**PROBLEM REQUIREMENTS**
The line containing "1、秩序真知-盖乌斯送给混沌愚者-尤金的礼物是?" marks the end: copy exactly every line from the start of the records below up to and including it, leaving out pictures.
DATA FOR REVIEW: Begin
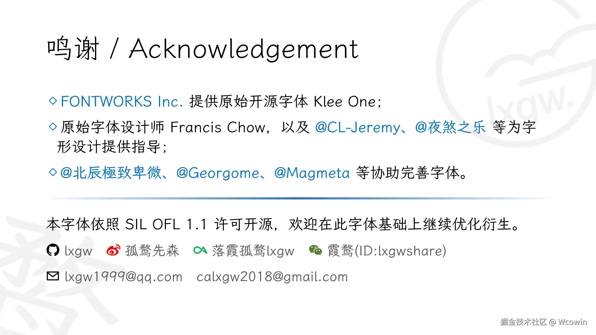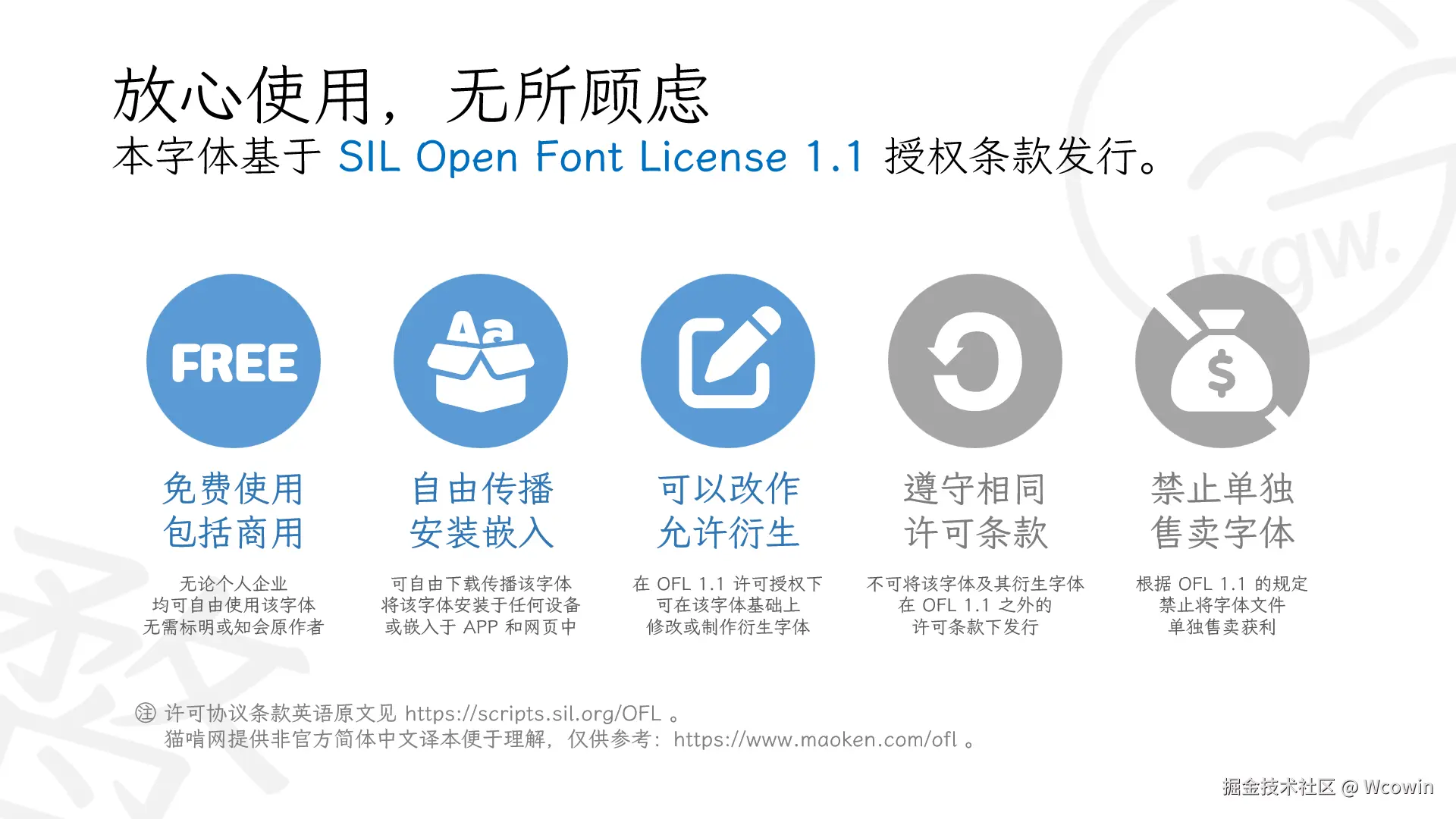 - 这款字体可以自由修改、改造,制作衍生字体。修改或改造后的字体也必须同样以 SIL OFL 公开。
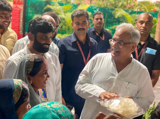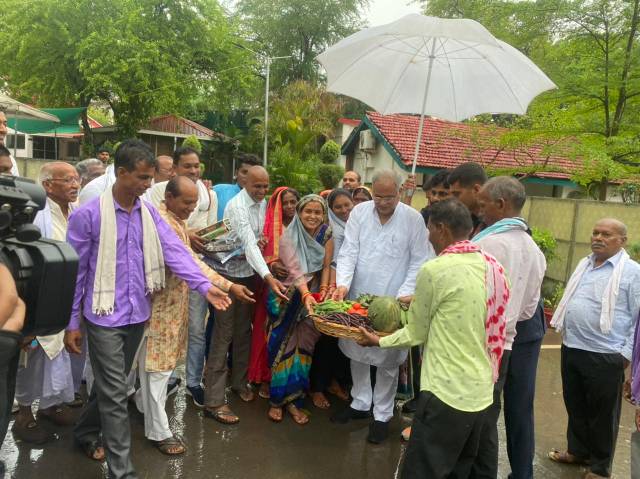 महिला समूह ने गौठान में उगाई हुई सब्ज़ी भाजी अगरबत्ती पापड़ मसाले भी मुख्यमंत्री को भेंट की
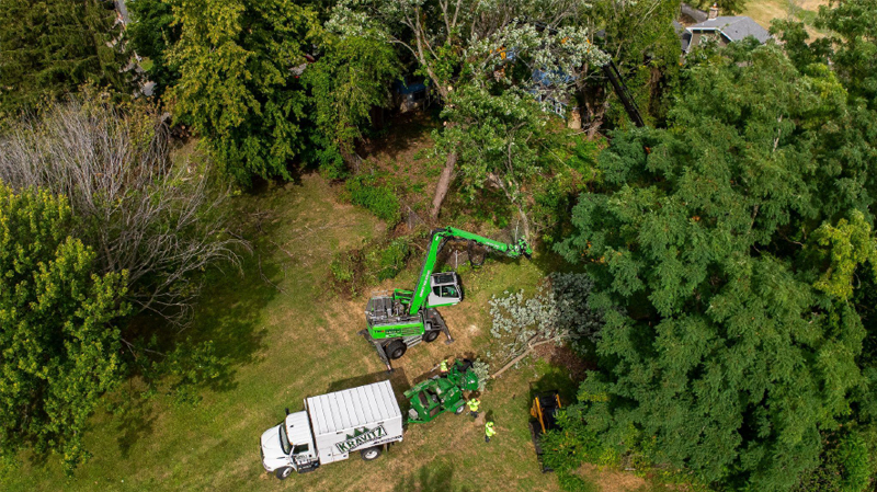 Located in Ferdonia, New York, Kravitz Tree Service is a family-owned business, going on six years, that spans over three counties. They focus primarily on residential tree removal, tree trimming, and stump grinding, as well as contract work with the surrounding counties for tree removal, line clearance, and storm relief. Kravitz Tree started out like most tree care services with a bucket truck and knuckle boom, but has since upped its safety and uptime with a SENNEBOGEN 718E and plans for more SENNEBOGEN tree care machines within the next year.
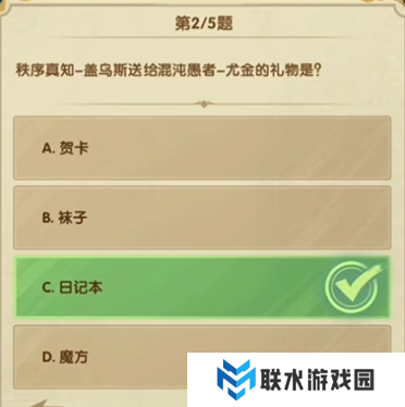 1、秩序真知-盖乌斯送给混沌愚者-尤金的礼物是?
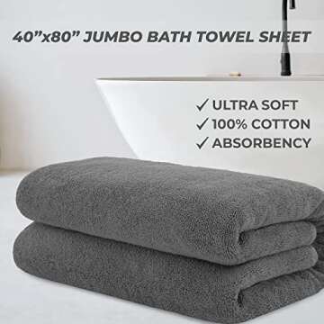 Show more Experience a touch of luxury every time you step out of the bath or shower with our exquisite oversized bath sheet. Crafted from 100% premium ringspun cotton, this 40x80 inches bath towel offers an unparalleled combination of softness and absorbency. Measuring a substantial 600 grams per square meter (GSM), it provides a plush and enveloping feel, perfect for the whole family. The extra-large size ensures that even the tallest or most luxurious bath experiences are easily accommodated. With a range of vivid color options available, you can match your bathroom decor while elevating your bathing routine to hotel-spa quality.
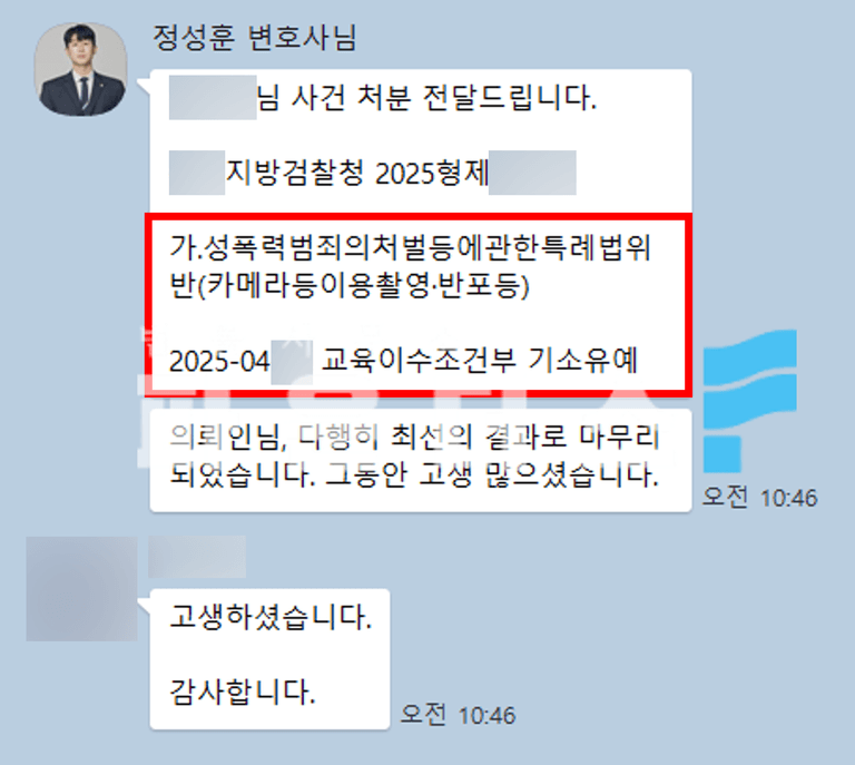 그 결과 의뢰인은 피해자와 성관계를 하던 중 불법촬영을 한 카메라등이용촬영 사건에 있어 기소유예 처분으로 처벌 및 전과 위기에서 벗어날 수 있었습니다.
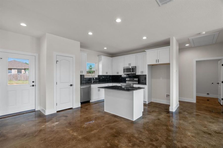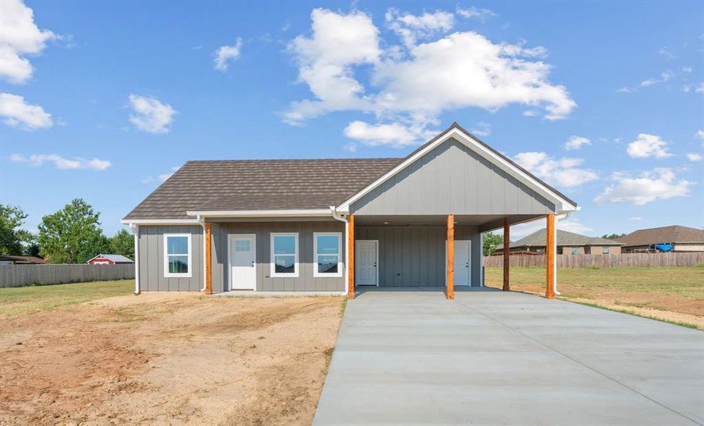 New Construction *** Energy-Efficient *** USDA Eligible!! Step into exceptional living with this beautifully crafted 3-bedroom, 2-bath new construction home designed to exceed all your expectations! The open-concept layout is perfect for entertaining or enjoying quality time with family, anchored by a spacious kitchen featuring a center island—ideal for meal prep or casual gatherings. Enjoy added privacy with a thoughtfully designed split-bedroom floorplan. Built with quality and efficiency in mind, this home includes spray foam insulation, 2x6 walls using a monopoly framing method for maximum structural strength and energy savings, and a Zip System sheathing for an air- and moisture-tight barrier from slab to roof. The exterior is as durable as it is attractive, finished with Hardie Board concrete siding and expertly waterproofed vinyl windows. Topping it all off is a stone-coated steel Tek-Roof with a Class 4 impact rating, hurricane-force wind resistance, and protection from hail up to 2 inches—providing peace of mind and helping lower insurance costs. Inside, rich walnut-stained concrete floors offer low maintenance and lasting beauty, while elegant quartz countertops add a touch of everyday luxury. Stay comfortable year-round with a high-efficiency 16 SEER Trane HVAC system and an Aprilaire Fresh Air System, ensuring superior air quality and energy performance. This home is more than just a place to live—it's a smart investment in quality, comfort, and long-term savings. Best of all, home qualifies for ZERO-DOWN USDA financing! Don’t miss your chance to own this energy-smart gem—schedule your tour today! Sod coming soon!!
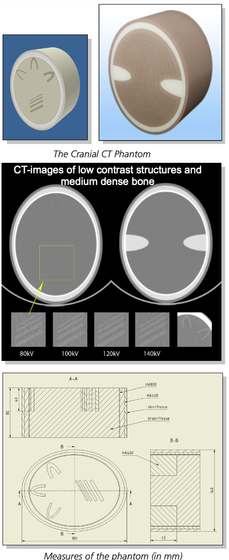 基于一个软组织等效塑料与一个恒定的ct数为不同的kV设置以及周围的骨骼结构,其x射线吸收与人类头骨相似,两个 人类大脑的不同部分被实现。其中一部分描述了头骨的底部,有均匀的软组织和相当于颞骨的骨结构。这部分适合演示和评估头骨底部的图像质量,特别是受光束硬化效应、部分体积效应和扫描仪不稳定(如阳极摆动)引起的伪影影响。
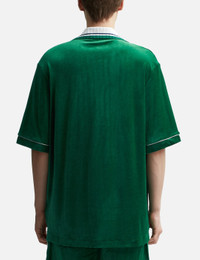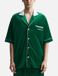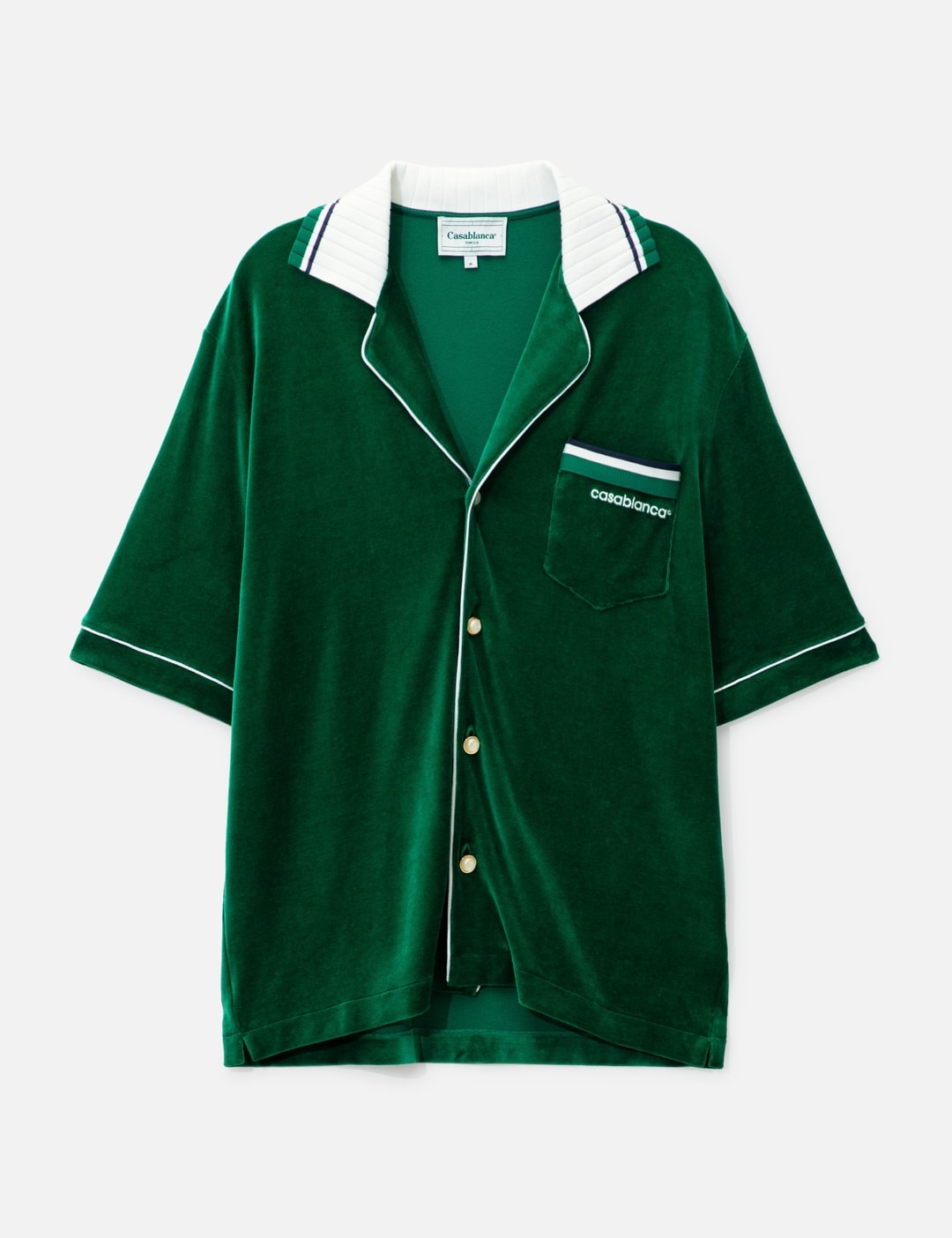 - Casablanca - Velour Shirt - Ribbed open collar - Button closure - Chest pocket with embroidered logo - Piping details throughout - Color: Evergreen - Material: 40% Cotton, 40% Modal, 20% Polyamide - See more Shirts and Clothing SIZING Male - Model wears size M - Model measures: Height 188cm, Chest 36"/92cm, Waist 30"/76cm, Hip 37"/94cm - Model wears size S - Model measures: Height 177cm, Chest 32"/81cm, Waist 23.5"/59.7cm, Hip 33’’/83.8cm
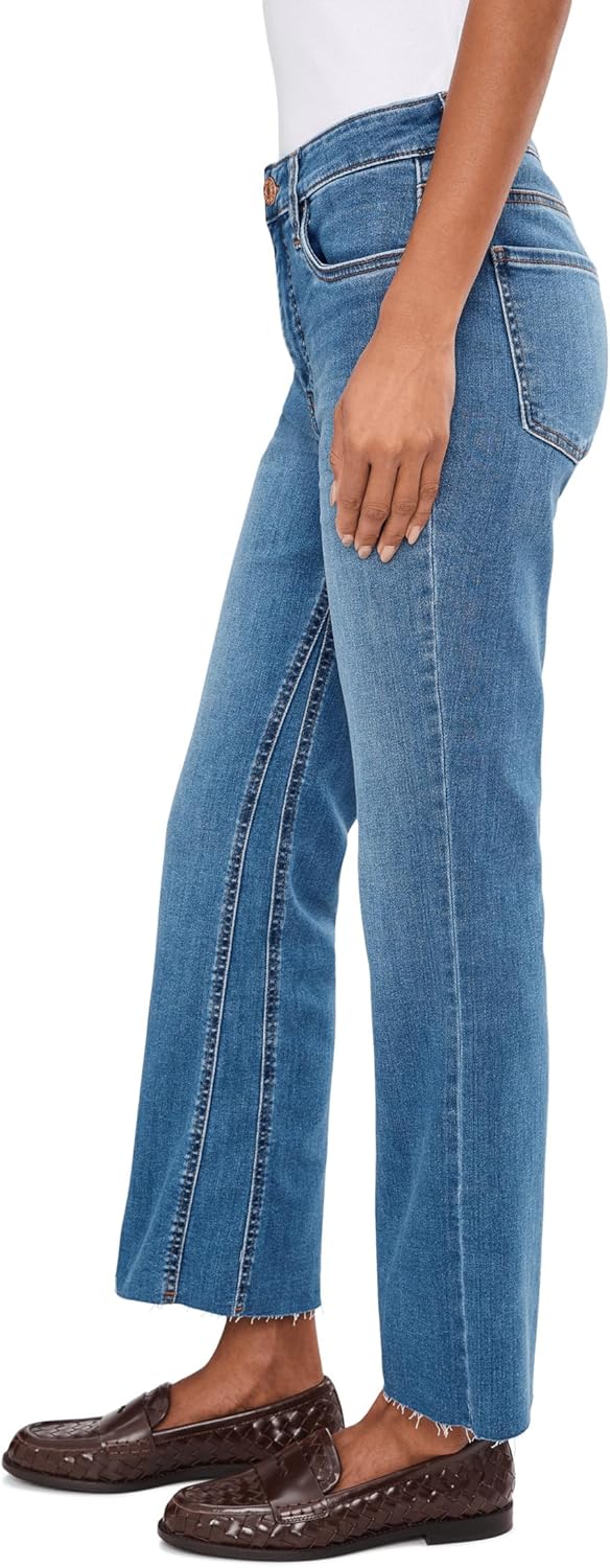 Laid-back with the perfect amount of edge, the KUT from the Kloth Kelsey High-Rise Fab AB Ankle Flare-Nset Leg is cropped with just the right amount of flare. The Kelsey is fitted through the hips and thighs and finishes off with a cropped kick flare for a modern take on the classic silhouette. Complete with belt loops, zip-fly, and button closure. Relaxed fit and high-rise waist. Five-pocket design. 89% cotton, 10% polyester, 2% elastane. Machine washable. Imported.
DATA FOR REVIEW: End
**SOLUTION TO THIS TASK**
 - 这款字体可以自由修改、改造,制作衍生字体。修改或改造后的字体也必须同样以 SIL OFL 公开。
 महिला समूह ने गौठान में उगाई हुई सब्ज़ी भाजी अगरबत्ती पापड़ मसाले भी मुख्यमंत्री को भेंट की
 Located in Ferdonia, New York, Kravitz Tree Service is a family-owned business, going on six years, that spans over three counties. They focus primarily on residential tree removal, tree trimming, and stump grinding, as well as contract work with the surrounding counties for tree removal, line clearance, and storm relief. Kravitz Tree started out like most tree care services with a bucket truck and knuckle boom, but has since upped its safety and uptime with a SENNEBOGEN 718E and plans for more SENNEBOGEN tree care machines within the next year.
 1、秩序真知-盖乌斯送给混沌愚者-尤金的礼物是?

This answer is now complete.